I’ve Got 99 Problems But The Higgs Ain’t One
A long, long time ago – in 1964, to be precise – a group of geniuses hypothesized that a particle, known as the Higgs Boson, could explain why the things that make up the universe have mass (weigh something). And, on July 4th 2012, the boffins at CERN announced that they had found the fabled Higgs Boson. Yes – just like an atomic game of Where’s Wally!
So what’s the big deal with the Higgs? Well, let’s think about what the universe is made up of (in size order): atoms, protons and neutrons, electrons, and – drumroll please – quarks. Oh, and forces.

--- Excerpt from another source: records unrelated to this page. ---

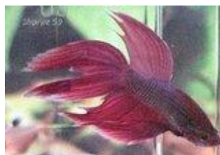
Siamese Fighting Fish
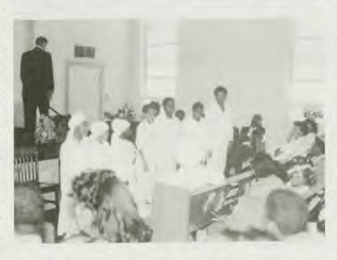
F. H. Jenkins students are baptized.

and reflecting upon the goodness of God.
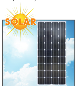
SOLAR POWER 100 watt solar panel, providing renewable power.
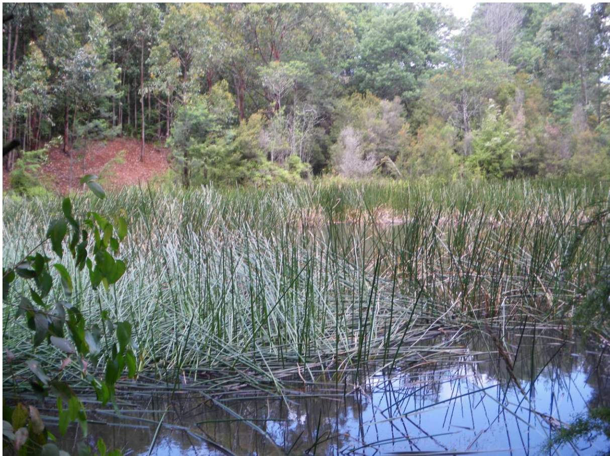
Figure 3. An eastward view across the dam, with Riparian Thicket on the far right.

The southwest corner of the Hoddles Creek Education Area was found to have been cleared and a farm dam constructed on a gully in recent decades. This was unexpected, given that the reserve has been public land for many decades.
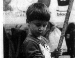
Members of the Carlisle Community Center are shown at a meeting...
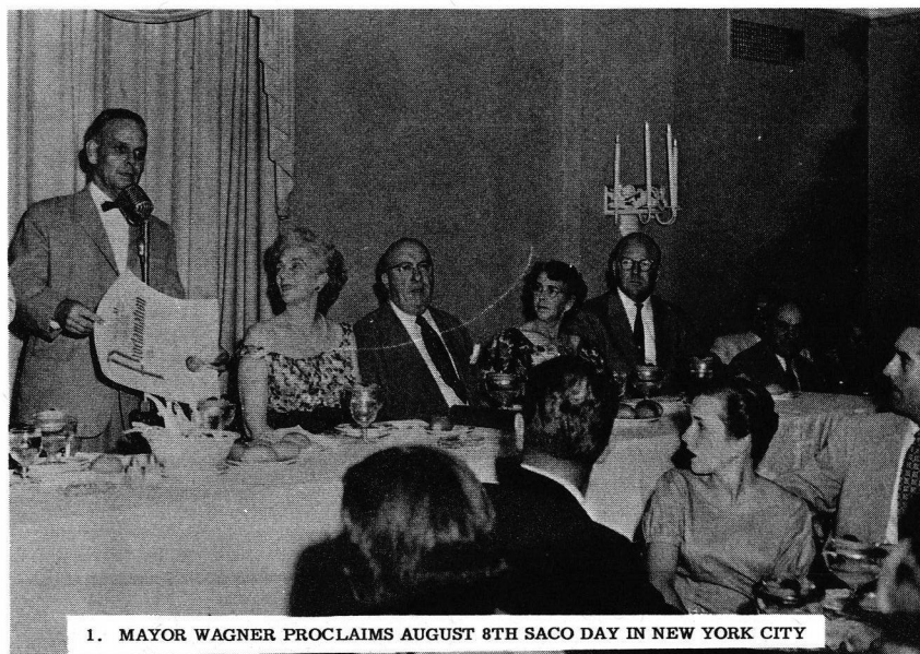
1. MAYOR WAGNER PROCLAIMS AUGUST 8TH SACO DAY IN NEW YORK CITY
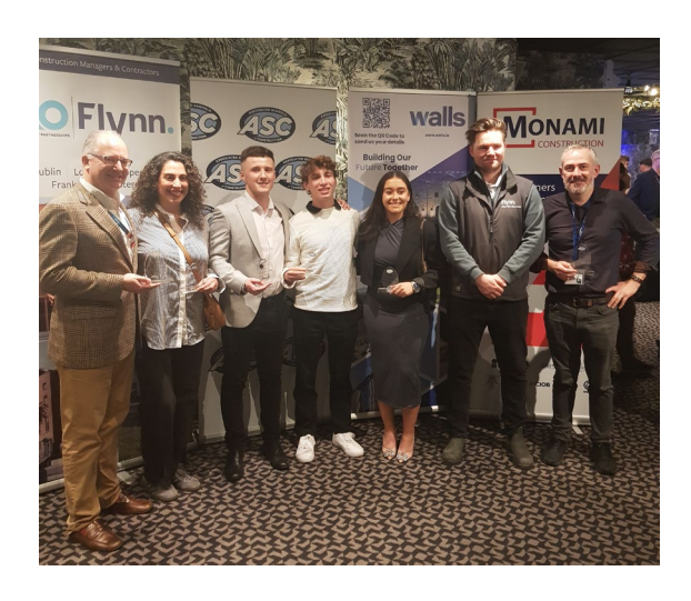
3rd Place -TuD/Denver
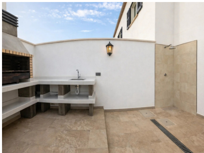
BBQ area and shower
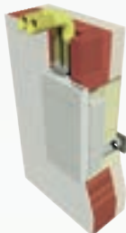
Flush-mount version with ductwork connection
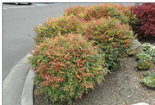
Sienna Sunrise Nandina
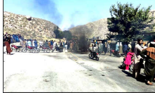
QUETTA: Tribals from Hanna Lake and Urak block road and burn tires as they are holding protest demonstration against race and one-wheeling by youths, at Hanna road.

The counsels of Pervaiz Elahi filed petition for exemption from attendance. They also filed medical certificate of Chaudhry Pervaiz Elahi wherein it was stated that doctors have stopped Chaudhry Pervaiz Elahi from travelling. Rib fracture of Chaudhry Pervaiz Elahi has also been not healed. The petition said Chaudhry Pervaiz Elahi is suffering from heart pain, therefore, his plea for exemption from attendance be accepted.
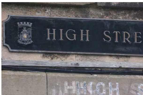
Remnants of two phases of the painted street name survive below the current metal sign

Shopfronts may contain a variety of other bespoke features not outlined above, for example, ventilation grilles, boot scrapers, door bells and old street signs. Whilst these features may be small and often overlooked, they can have a significant bearing on our understanding of the building's history and contribute to its character.
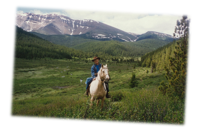
Oh, if they could talk, It would be just the start Of a story of love, A great man and his heart.
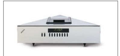
State of the art Compact disc player / transport CD I
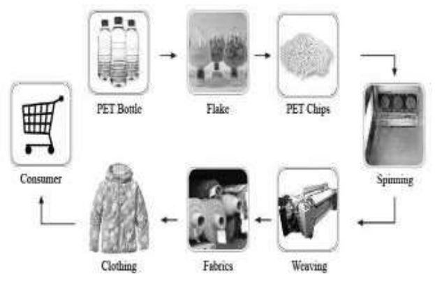
Figure 2. Flowchart showing recycling of PET bottles in to fibers, yarn into fabric

Following flow chart gives idea about thermal recycling of PET bottles
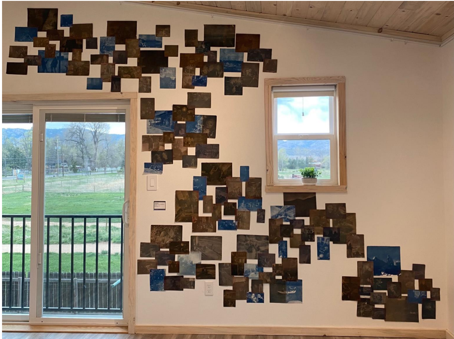
Figure 7: My Greatest Fear is Forgetting You
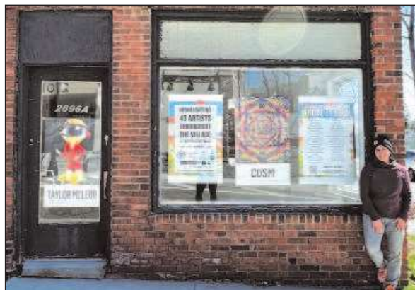
Forty-three artists are participating in the art banner project by Wappingers Rises in the Village of Wappingers Falls. The project is scheduled to run through November.

The next open call is still to be determined, said Urciuoli Kolb. It is hoped to be January 2024.

Now, you might be wondering how these teeny-weeny things can make something as mammoth as, well, a mammoth! The theory goes that these tiny particles go through a force called the Higgs field, which slows the speed of these particles and makes them clump together, thus giving the particles mass and allowing them to build anything and everything that exists!
The Large Hadron Collider was built to try and prove the existence of the Higgs boson (a particle that is given out as a byproduct of the presence of a Higgs Field). It does this by colliding two particle beams at 99.999999% the speed of light, recreating the conditions that were present less than a billionth of a second after the Big Bang.
$8 billion (that’s 1700000 pairs of Louboutin shoes), 3000 scientists and trillions of collisions later, the Higgs particle was confirmed to exist. This earned François Englert and Peter Higgs (after whom the particle is named) The 2013 Nobel Physics Prize, and a nifty $1.25mn reward!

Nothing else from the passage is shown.